Связь с «государственным злодеем» почиталась немаловажным преступлением. За это можно было легко пострадать. Это было небезопасно.
Шевченко не знал об этом. Он думал, что все друзья отвернулись от него. И от этого он страдал еще больше.
Но вот стали приходить первые письма с Украины и из Петербурга. И с каждым письмом в Шевченко как бы вливалась жизнь. Все показалось не так уж безнадежно, не так омерзительно.
Снова у Шевченко возникло непреодолимое желание писать или рисовать. Но жестокое запрещение царя было слишком категорическим.
Тем не менее Шевченко послал прошение шефу жандармов о дозволении ему рисовать пейзажи. Но дозволения не последовало.
Тогда Шевченко стал писать тайком. Он сшил себе маленькую тетрадь и носил ее за голенищем.
Шевченко писал:
Под старость с музою своей.
В бурьяне спрятаться и плакать,
Скрывая думы от людей.
Проходили томительные дни. Непривычный климат действовал на Шевченко удручающе. Он с тоской вспоминал о своей милой Украине. Он писал, глядя на унылые оренбургские степи:
И там степи, и тут степи,
Да тут не такие —
Ржавы, ржавы, даже красны,
А там голубые…
Шевченко стал болеть. Он сначала заболел цингой. Потом ревматизмом. Ему позволили жить на частной квартире. Но он слишком уж рьяно воспользовался своей свободой, — он стал не таясь писать и рисовать пейзажи. И поэтому его снова водворили в казарму.
Между тем друзья, несмотря на всякие строгости, старались облегчить участь Шевченко. Ему стали посылать книги и посылки.
Весной следующего (1848) года Шевченко, стараниями друзей, был назначен в экспедицию, которая отправлялась в Аральское море. Он зачислен был в эту экспедицию в качестве художника для зарисовки берегов.
Это было исключительно трудное путешествие — сначала по знойной, безводной пустыне, потом на шкуне по малоисследованному Аральскому морю. Но все же это была значительная перемена в жизни Шевченко. Тут уже не было смрадной казармы, тягостной муштры, пьяного ротного командира и того томительного однообразия жизни, которое так страшило поэта в Орской крепости.
Больше того, тут, в экспедиции, Шевченко был художником. И с чувством огромной радости он принялся за свое любимое дело.
За этот период жизни Шевченко сделал замечательные работы акварелью и карандашом.
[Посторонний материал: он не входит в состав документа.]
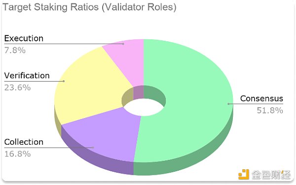 Flow是一條權益證明(PoS)的區塊鏈,換言之所有的節點都要質押FLOW通證以參與網絡,并獲得FLOW通證獎勵(如果作惡,它們質押的FLOW就會被沒收)。由于Flow鏈的多節點架構,四類節點的相對收益會動態變化,以保證節點數量的平衡。根據《Flow通證經濟學白皮書》,每類節點的目標比例如下:

Кроме того, он написал значительное количество стихов, в которых остался верен самому себе, они полны ненависти к царской власти и к угнетателям народа.
11. Роль личности в истории жизни человека
Осенью 1849 года экспедиция по обследованию Аральского моря закончилась, и Шевченко был отправлен в Оренбург для отделки «живописных видов», что было невозможно сделать в море.
В Оренбурге Шевченко прожил полгода. И это был до некоторой степени светлый период его жизни в ссылке.
Начальник края генерал Обручев терпимо отнесся к ссыльному солдату. Он даже пообещал походатайствовать о представлении его в унтер-офицеры. Ему понравились художественные работы Шевченко. Конечно, это было нарушение приговора, но он снисходительно отнесся даже к тому, что Шевченко писал портрет с его жены.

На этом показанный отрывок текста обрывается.